The query plan generated is:

== Physical Plan ==
AdaptiveSparkPlan (41)
+- == Current Plan ==
   CollectLimit (22)
   +- SortAggregate (21)
      +- Sort (20)
         +- ShuffleQueryStage (19), Statistics(sizeInBytes=2.02E+22 B, ColumnStat: N/A)
            +- Exchange (18)
               +- SortAggregate (17)
                  +- * Sort (16)
                     +- * Project (15)
                        +- * BroadcastHashJoin Inner BuildLeft (14)
                           :- AQEShuffleRead (12)
                           :  +- ShuffleQueryStage (11), Statistics(sizeInBytes=94.3 KiB, rowCount=2.01E+3, ColumnStat: N/A, isRuntime=true)
                           :     +- Exchange (10)
                           :        +- * Project (9)
                           :           +- * BroadcastHashJoin Inner BuildLeft (8)
                           :              :- AQEShuffleRead (6)
                           :              :  +- ShuffleQueryStage (5), Statistics(sizeInBytes=52.8 KiB, rowCount=1.35E+3, ColumnStat: N/A, isRuntime=true)
                           :              :     +- Exchange (4)
                           :              :        +- * Project (3)
                           :              :           +- * Filter (2)
                           :              :              +- * Scan JDBCRelation(orders) [numPartitions=1]  (1)
                           :              +- * Scan JDBCRelation(order_line_item) [numPartitions=1]  (7)
                           +- * Scan JDBCRelation(item_wms) [numPartitions=1]  (13)

What my understanding is:

  • I think the reason why the first query finishes early is because it does not need to the full join.
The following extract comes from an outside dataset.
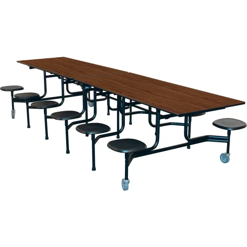 Global Industrial Mobile Cafeteria Table with Stools, 12'L x 29"H, Montana Walnut
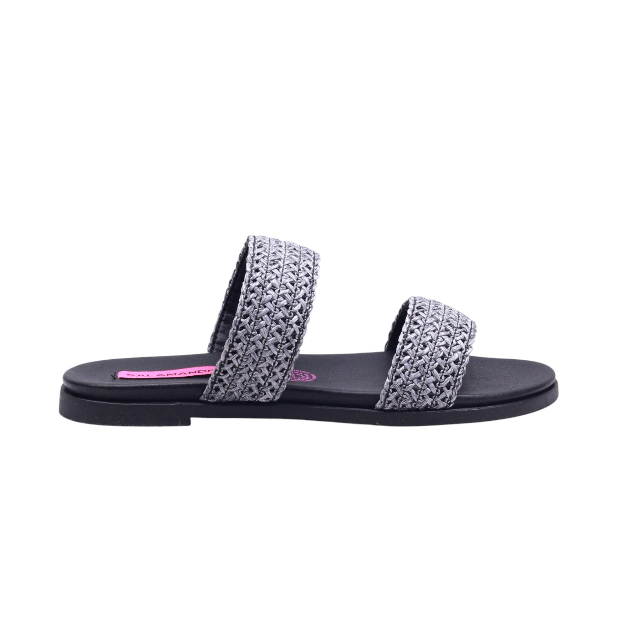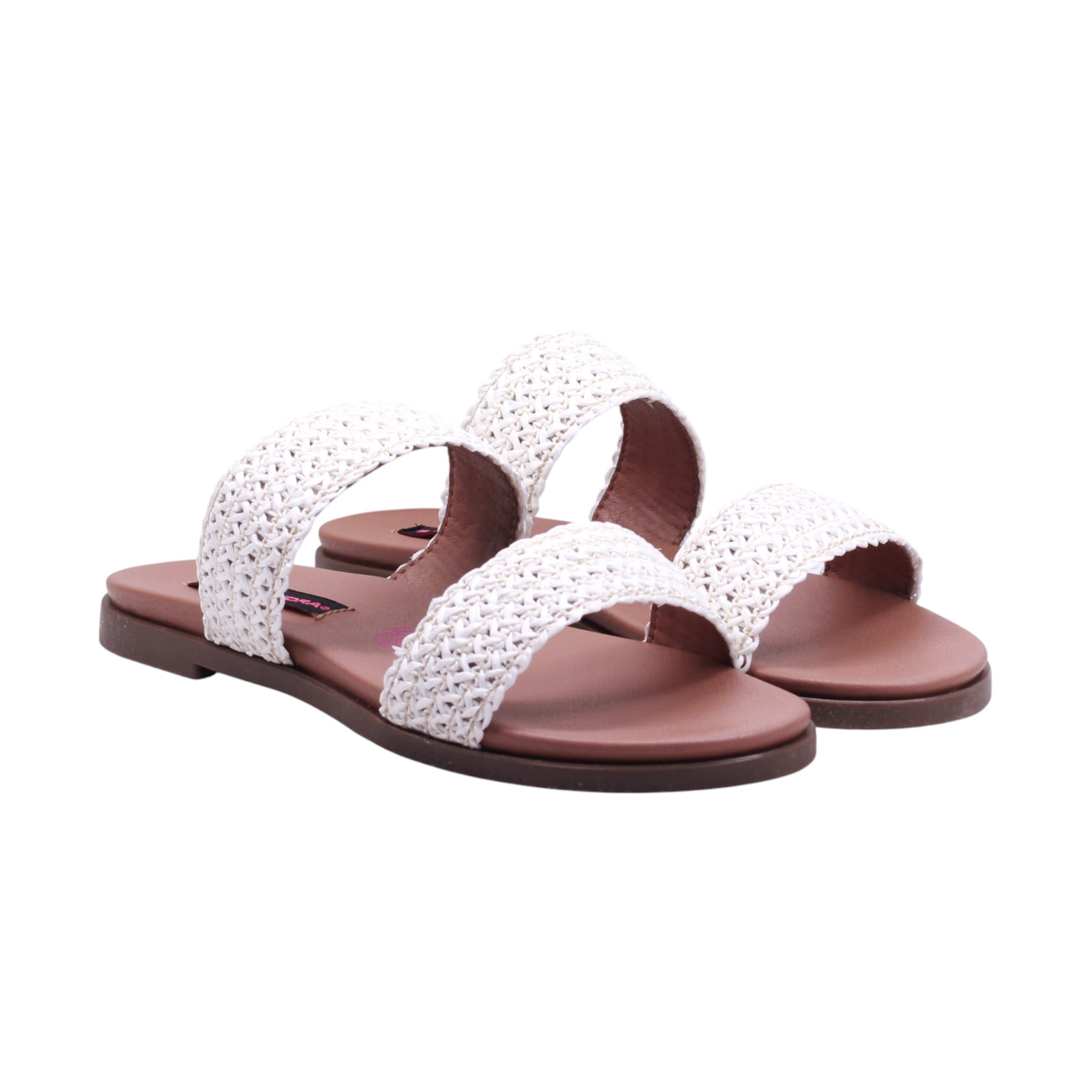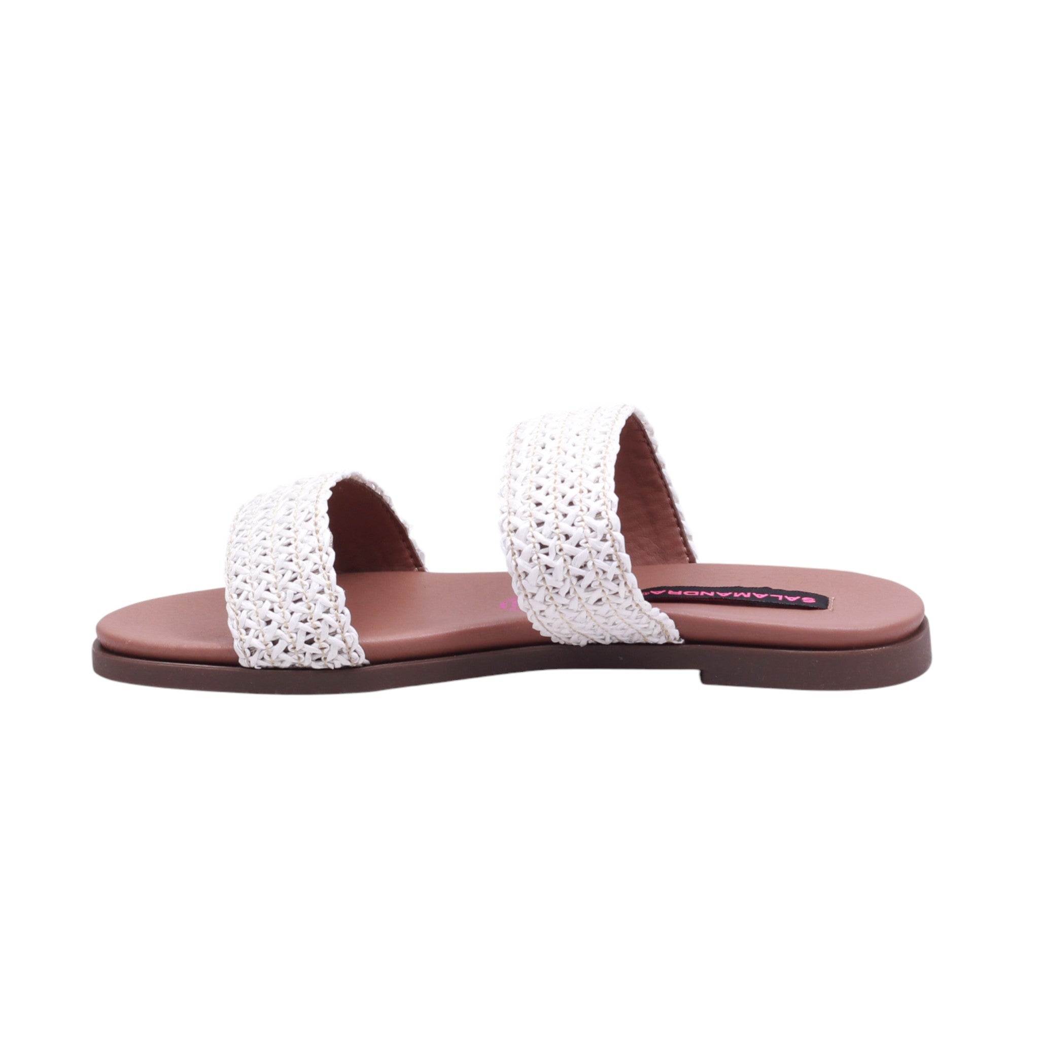 Sandalia de dama elaborada con corte y forro artificial. Su diseño abierto con punta descubierta incluye doble tira ancha sobre el empeine con terminado trenzado que aporta textura y estilo artesanal.

The CollectLimit actually limits the result and it can do the join only for the 100 rows and exit.
  • This is not the case for the second query. It needs to sort the entire table then aggregate on the order_id.

Am I correct ?

Further questions:

  • What does the various + symbols mean in the query plan? Does it mean it's a different stage or different job?
  • When I am reading the query plan how should I interpret when new job or stage is created ?

I am asking this as I am a beginner to Spark query optimization and need to know how to interpret a query plan.

Cluster info: 4 cores 32 GB Single Node.